Coverage path planning (CPP) is the problem of finding a path that covers the entire free space of a confined area, with applications ranging from robotic lawn mowing and vacuum cleaning, to demining and search-and-rescue tasks. While offline methods can find provably complete, and in some cases optimal, paths for known environments, their value is limited in online scenarios where the environment is not known beforehand. In this case, the path needs to be planned online while mapping the environment. We investigate how suitable reinforcement learning is for this challenging problem, and analyze the involved components required to efficiently learn coverage paths, such as action space, input feature representation, neural network architecture, and reward function. Compared to existing classical methods, this approach allows for a flexible path space, and enables the agent to adapt to specific environment dynamics. In addition to local sensory inputs for acting on short-term obstacle detections, we propose to use egocentric maps in multiple scales based on frontiers. This allows the agent to plan a long-term path in large-scale environments with feasible computational and memory complexity. Furthermore, we propose a novel total variation reward term for guiding the agent not to leave small holes of non-covered free space. To validate the effectiveness of our approach, we perform extensive experiments in simulation with a 2D ranging sensor on different variations of the CPP problem, surpassing the performance of both previous RL-based approaches and highly specialized methods.

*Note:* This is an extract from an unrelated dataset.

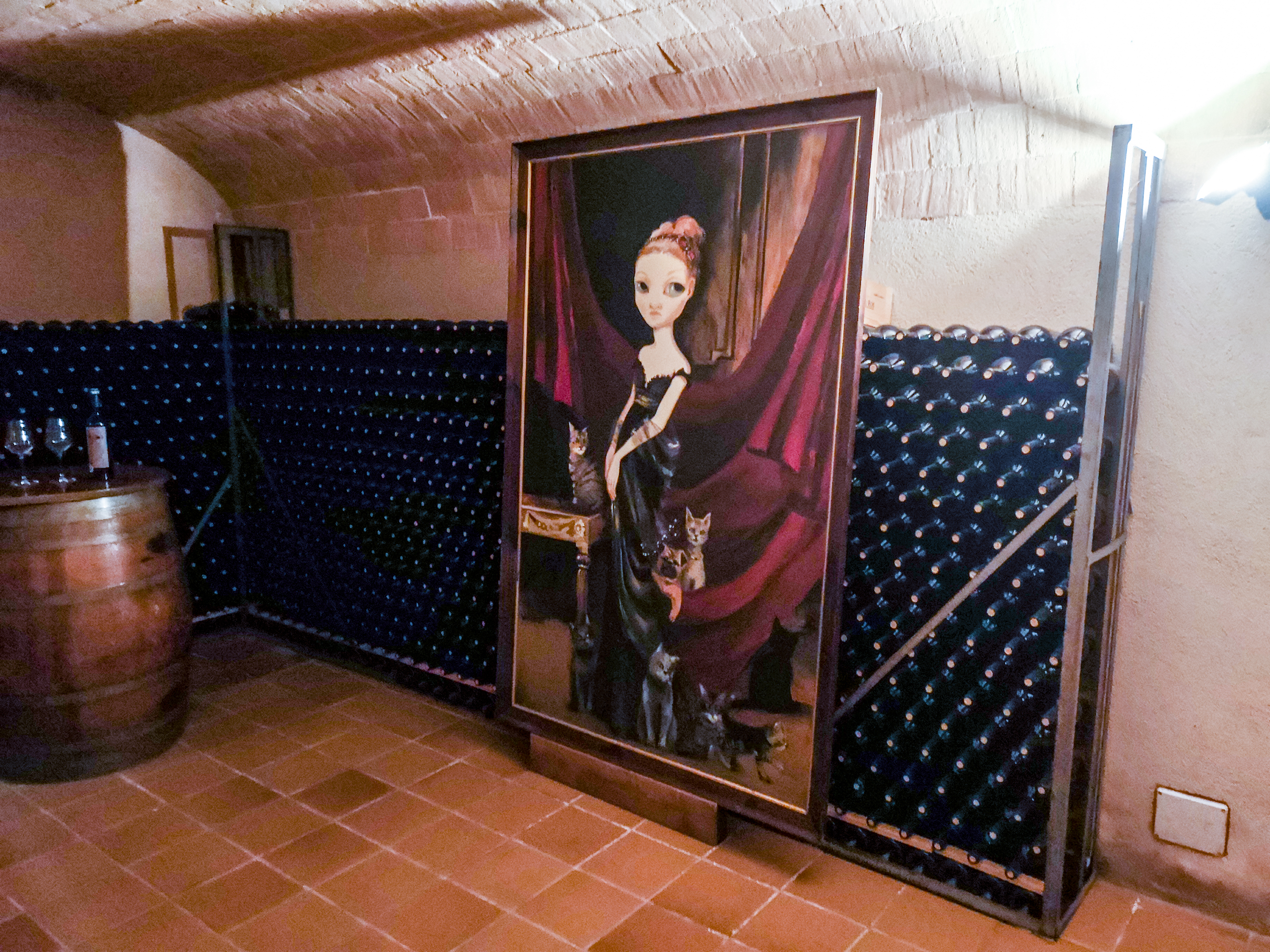 Эта картина мне очень сильно напомнила творчество одной знаменитой американской художницы. Я сначала думал, что это ее творение и есть, но мне рассказали, что это знаменитая испанская художница, которая делала дизайн этикетки одной марки вина этого хозяйства. Ну, что тут сказать? Эпигонка эта знаменитая испанская художница. Как есть эпигонка.

翻译：覆盖路径规划（CPP）是指在受限区域内寻找一条能够遍历整个自由空间的路径，其应用涵盖机器人割草、真空清洁、排雷及搜索救援等任务。离线方法虽能为已知环境提供可证明完备乃至最优的路径，但在环境信息未知的在线场景中其价值有限——此时需在构建环境地图的同时在线规划路径。本研究探索强化学习对该挑战性问题的适用性，深入分析高效学习覆盖路径所需的关键组件（如动作空间、输入特征表示、神经网络架构及奖励函数）。与现有经典方法相比，该方法具备灵活的路径空间，且能使智能体适应特定环境动态特性。除基于局部传感器输入进行短期障碍物探测外，我们提出采用基于前沿的多尺度自我定位地图，使智能体能够以可行的计算与内存复杂度在大型环境中规划长期路径。此外，我们创新性地提出全变分奖励项，引导智能体避免遗留未覆盖自由空间中的小型空洞。为验证方法有效性，我们在二维测距传感器环境下对CPP问题的多种变体进行了大规模仿真实验，性能超越此前基于强化学习的方法及高度专业化方法。